_Exercise objective_. From the material below, reproduce exactly the stretch of lines that begins with the line holding "Quienes participen deben" and ends with the line holding "Нежный тонкий гердан", skipping the pictures.

_The data_.
------------
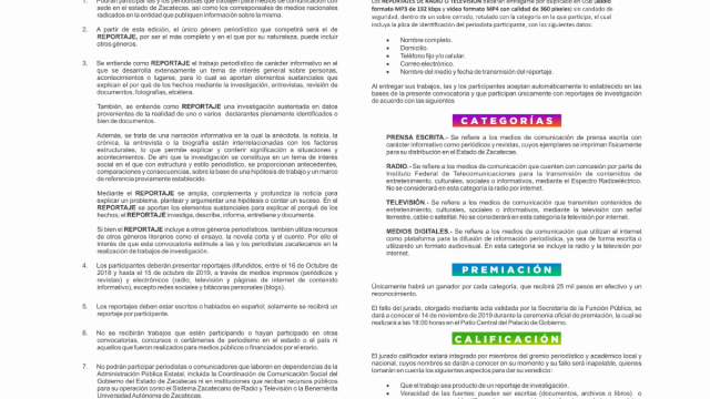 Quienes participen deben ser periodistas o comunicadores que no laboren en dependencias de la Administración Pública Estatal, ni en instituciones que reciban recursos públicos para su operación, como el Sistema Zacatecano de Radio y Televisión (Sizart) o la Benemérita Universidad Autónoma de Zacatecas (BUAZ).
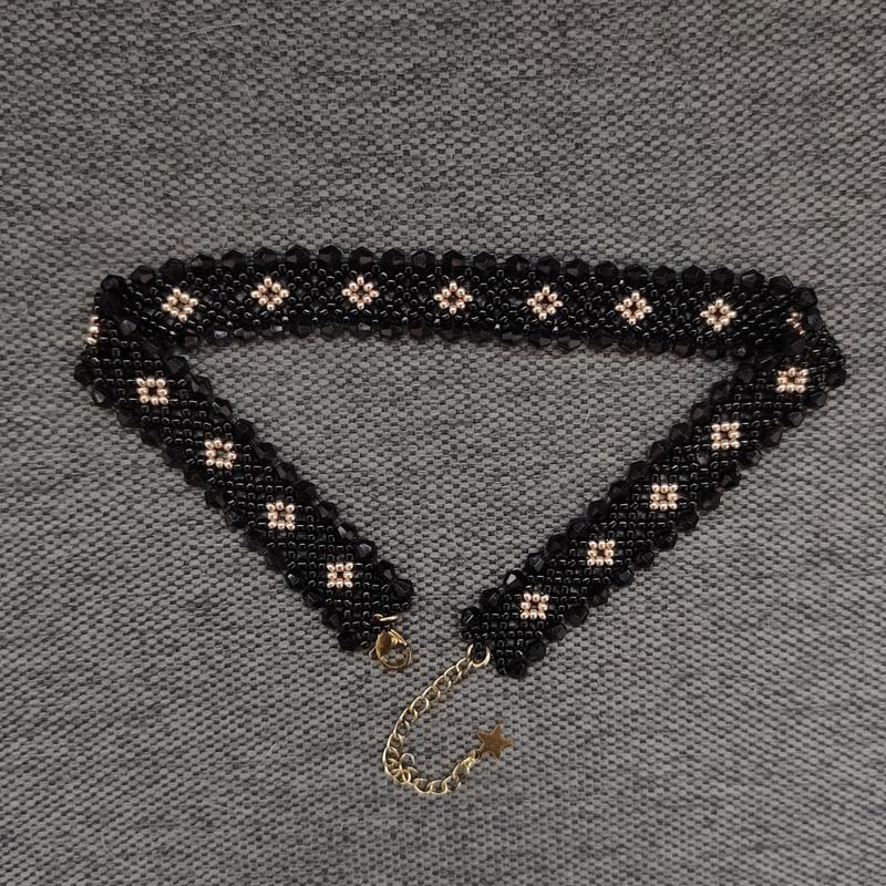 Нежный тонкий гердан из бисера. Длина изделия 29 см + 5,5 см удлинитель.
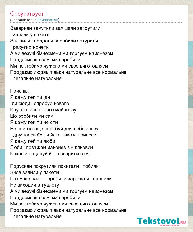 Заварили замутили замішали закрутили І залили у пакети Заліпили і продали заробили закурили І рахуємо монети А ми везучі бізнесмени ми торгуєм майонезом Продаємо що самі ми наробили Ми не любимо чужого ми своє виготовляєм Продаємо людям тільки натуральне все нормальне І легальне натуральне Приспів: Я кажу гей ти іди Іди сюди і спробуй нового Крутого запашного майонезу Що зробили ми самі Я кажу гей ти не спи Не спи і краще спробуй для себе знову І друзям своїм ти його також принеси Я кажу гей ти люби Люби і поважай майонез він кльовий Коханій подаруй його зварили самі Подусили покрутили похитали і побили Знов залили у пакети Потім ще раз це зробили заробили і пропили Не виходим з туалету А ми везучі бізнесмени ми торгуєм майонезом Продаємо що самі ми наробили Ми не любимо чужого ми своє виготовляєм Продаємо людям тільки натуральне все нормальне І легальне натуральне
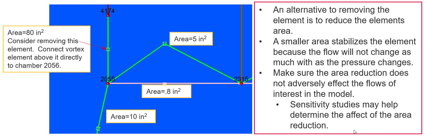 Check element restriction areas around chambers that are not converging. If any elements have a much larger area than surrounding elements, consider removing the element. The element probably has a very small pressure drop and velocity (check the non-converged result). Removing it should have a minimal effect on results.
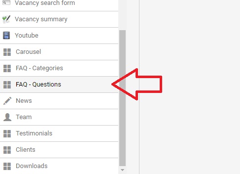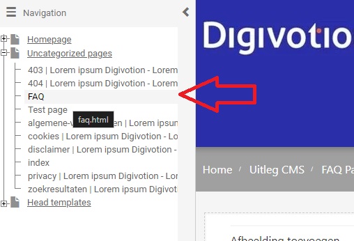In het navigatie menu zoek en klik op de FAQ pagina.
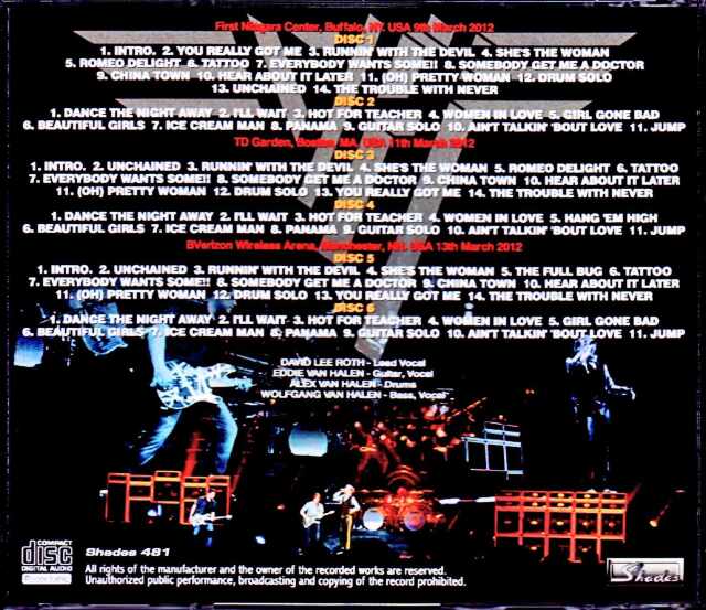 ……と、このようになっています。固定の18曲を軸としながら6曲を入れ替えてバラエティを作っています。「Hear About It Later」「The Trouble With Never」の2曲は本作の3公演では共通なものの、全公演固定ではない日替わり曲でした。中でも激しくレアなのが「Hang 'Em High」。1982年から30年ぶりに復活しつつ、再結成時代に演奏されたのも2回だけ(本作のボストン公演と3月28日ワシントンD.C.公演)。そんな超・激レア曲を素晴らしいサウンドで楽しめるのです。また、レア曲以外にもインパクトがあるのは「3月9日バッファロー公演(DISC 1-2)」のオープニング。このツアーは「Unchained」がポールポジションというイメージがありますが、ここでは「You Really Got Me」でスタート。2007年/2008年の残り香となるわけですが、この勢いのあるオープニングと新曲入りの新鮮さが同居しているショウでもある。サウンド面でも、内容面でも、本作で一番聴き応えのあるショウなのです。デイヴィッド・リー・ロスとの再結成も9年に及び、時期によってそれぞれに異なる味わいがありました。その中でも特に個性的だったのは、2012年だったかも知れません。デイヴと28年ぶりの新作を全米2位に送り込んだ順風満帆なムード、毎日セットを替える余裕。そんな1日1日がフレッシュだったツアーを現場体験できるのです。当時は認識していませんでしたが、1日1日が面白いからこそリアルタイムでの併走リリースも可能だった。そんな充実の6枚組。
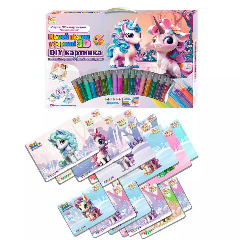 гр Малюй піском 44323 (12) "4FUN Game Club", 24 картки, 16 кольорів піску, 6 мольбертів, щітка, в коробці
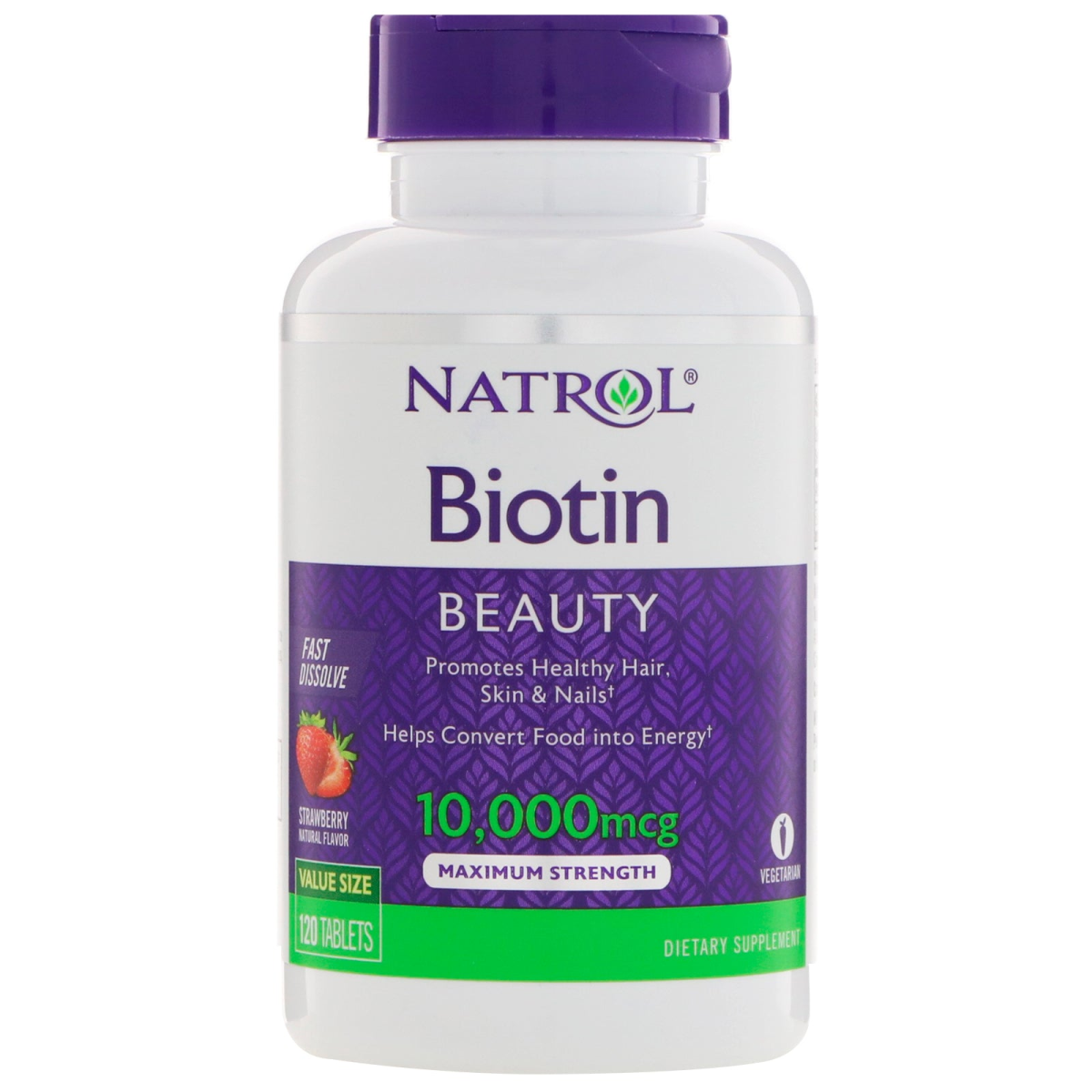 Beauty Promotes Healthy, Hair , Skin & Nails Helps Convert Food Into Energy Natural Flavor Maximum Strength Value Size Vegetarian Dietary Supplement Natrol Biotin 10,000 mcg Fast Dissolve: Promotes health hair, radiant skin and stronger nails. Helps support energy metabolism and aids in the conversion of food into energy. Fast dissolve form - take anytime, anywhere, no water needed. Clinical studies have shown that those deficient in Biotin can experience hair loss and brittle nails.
------------
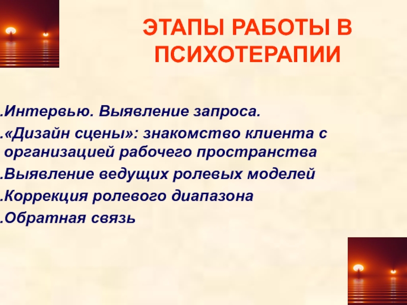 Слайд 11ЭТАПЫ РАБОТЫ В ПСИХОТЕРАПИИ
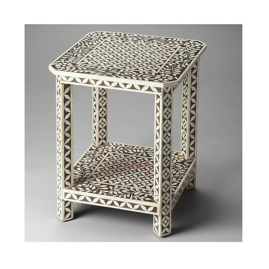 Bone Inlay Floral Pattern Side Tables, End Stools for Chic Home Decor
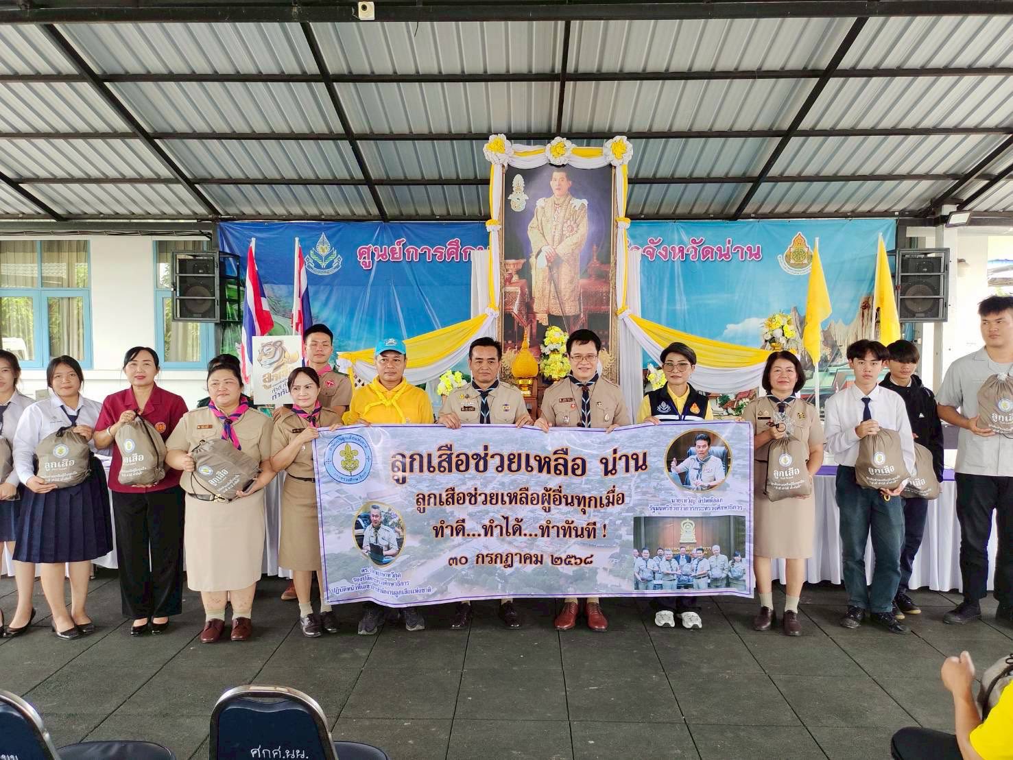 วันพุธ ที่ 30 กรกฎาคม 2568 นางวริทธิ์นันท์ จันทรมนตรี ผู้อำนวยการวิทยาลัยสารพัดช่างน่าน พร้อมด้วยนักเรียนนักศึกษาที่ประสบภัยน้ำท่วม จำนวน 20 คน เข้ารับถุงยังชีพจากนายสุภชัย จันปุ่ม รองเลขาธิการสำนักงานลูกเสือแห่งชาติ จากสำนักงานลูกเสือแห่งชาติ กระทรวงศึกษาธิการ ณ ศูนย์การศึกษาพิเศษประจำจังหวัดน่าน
------------
_Solution to the exercise_.
 Quienes participen deben ser periodistas o comunicadores que no laboren en dependencias de la Administración Pública Estatal, ni en instituciones que reciban recursos públicos para su operación, como el Sistema Zacatecano de Radio y Televisión (Sizart) o la Benemérita Universidad Autónoma de Zacatecas (BUAZ).
 Нежный тонкий гердан из бисера. Длина изделия 29 см + 5,5 см удлинитель.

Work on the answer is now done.